Task item:
Give the listing again word for word, excluding the pictures it contains.
---------- Dataset content ----------
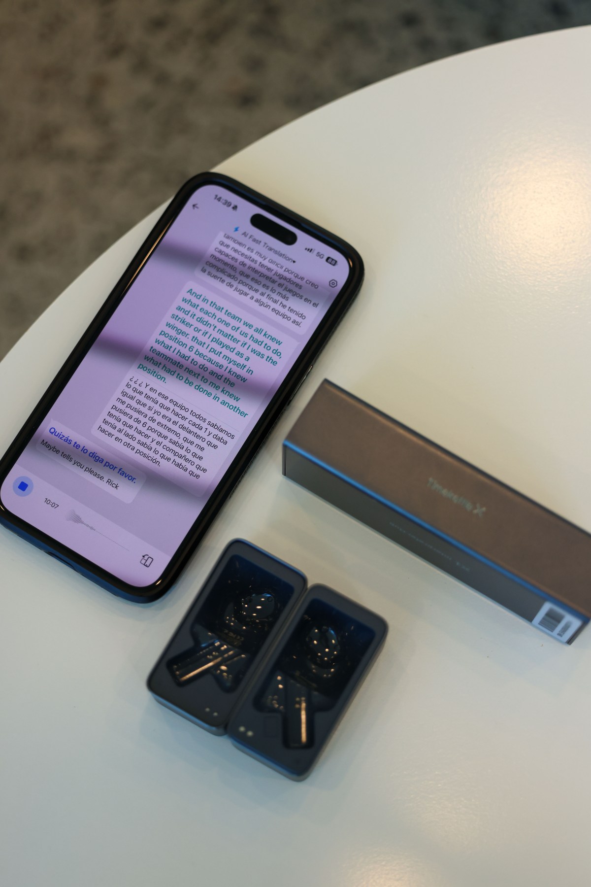 It also works as a communicator with back and forth talks while both players or coaches wear an ear piece each and their words and translated back into languages that they understand easily. While this occurs, the translation also appears on the phone in both languages and can be read as a transcript of the conversation.
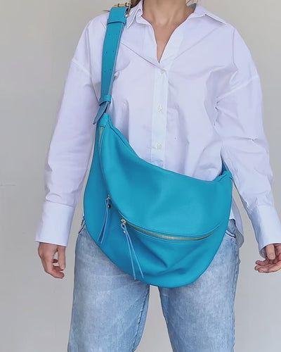 Large Blue Leather Sling Bag - Oversized Fanny Pack
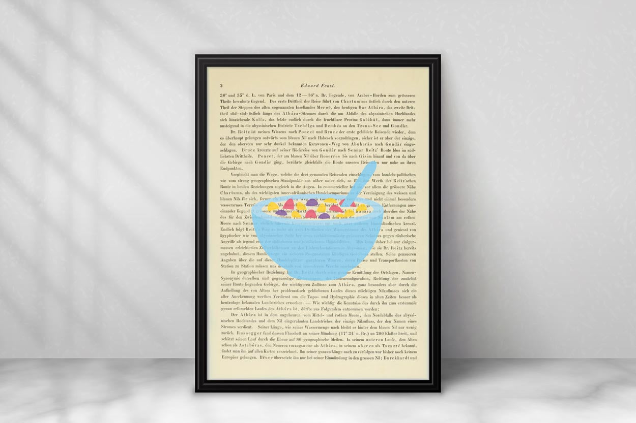 Unsere Drucke sind auf Seiten der Denkschriften der Akademie der Wissenschaften in Wien gefertigt, die über die Jahre eine wunderschöne elfenbeinfarbene Patina entwickelt haben. Mit einem Alter von mindestens 100 Jahren hat jede Seite ihren eigenen einzigartigen Charakter. Jeder Druck erfolgt direkt auf die einzelne Buchseite, sodass kein anderer das gleiche Stück wie du besitzen wird – ein echtes Unikat eben.
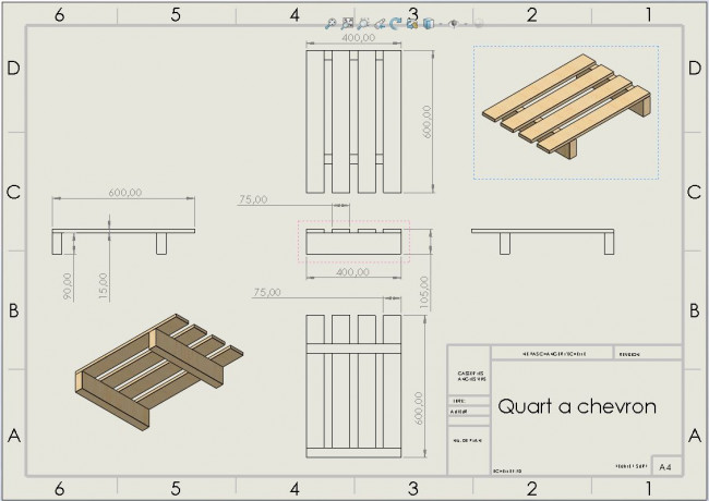 Description Quart palettes 600 x 400Dimension : 600 x 400 x 135 mm4 Planches 600 x 75 x 15 mm2 Traverses de 400 x 90 x 40 mmCharge utile : 200kgNombre d’entrée : 2Conditionnement x 50 imbriquéLa quart-palette de manutention est un accessoire destiné à rationaliser la manutention, le stockage et le transport de marchandises. L'idée pertinente de l’innovation fut de standardiser le mode de reprise de charge par le dessous en faisant une surélévation minimale d'un élément rigide.Ces palettes sont conçues pour supporter des charges légères ou lourdes permettant une manutention sécurisée et stable de l’ensemble. Leur forte résistance permet de les utiliser également comme support pour le stockage.Devis sur simple demandeN'hésitez pas à rentrer en contact avec nous !Devis sur simple demandeN'hésitez pas à rentrer en contact avec nous ! www.sepalette.comwww.sepalette-63.com
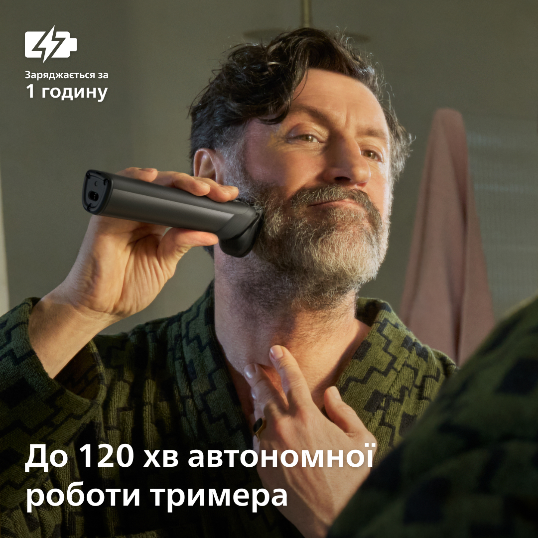 Акумулятор забезпечує до 120 хв роботи після 60‑хв заряджання через USB‑A, підтримує швидку 5‑хвилинну підзарядку для одного сеансу, а тример повністю водонепроникний для використання в душі (Wet & Dry) та має індикатор рівня заряду і подорожній замок.
----------
Output for this exercise:
 It also works as a communicator with back and forth talks while both players or coaches wear an ear piece each and their words and translated back into languages that they understand easily. While this occurs, the translation also appears on the phone in both languages and can be read as a transcript of the conversation.
 Large Blue Leather Sling Bag - Oversized Fanny Pack
 Unsere Drucke sind auf Seiten der Denkschriften der Akademie der Wissenschaften in Wien gefertigt, die über die Jahre eine wunderschöne elfenbeinfarbene Patina entwickelt haben. Mit einem Alter von mindestens 100 Jahren hat jede Seite ihren eigenen einzigartigen Charakter. Jeder Druck erfolgt direkt auf die einzelne Buchseite, sodass kein anderer das gleiche Stück wie du besitzen wird – ein echtes Unikat eben.
 Description Quart palettes 600 x 400Dimension : 600 x 400 x 135 mm4 Planches 600 x 75 x 15 mm2 Traverses de 400 x 90 x 40 mmCharge utile : 200kgNombre d’entrée : 2Conditionnement x 50 imbriquéLa quart-palette de manutention est un accessoire destiné à rationaliser la manutention, le stockage et le transport de marchandises. L'idée pertinente de l’innovation fut de standardiser le mode de reprise de charge par le dessous en faisant une surélévation minimale d'un élément rigide.Ces palettes sont conçues pour supporter des charges légères ou lourdes permettant une manutention sécurisée et stable de l’ensemble. Leur forte résistance permet de les utiliser également comme support pour le stockage.Devis sur simple demandeN'hésitez pas à rentrer en contact avec nous !Devis sur simple demandeN'hésitez pas à rentrer en contact avec nous ! www.sepalette.comwww.sepalette-63.com
 Акумулятор забезпечує до 120 хв роботи після 60‑хв заряджання через USB‑A, підтримує швидку 5‑хвилинну підзарядку для одного сеансу, а тример повністю водонепроникний для використання в душі (Wet & Dry) та має індикатор рівня заряду і подорожній замок.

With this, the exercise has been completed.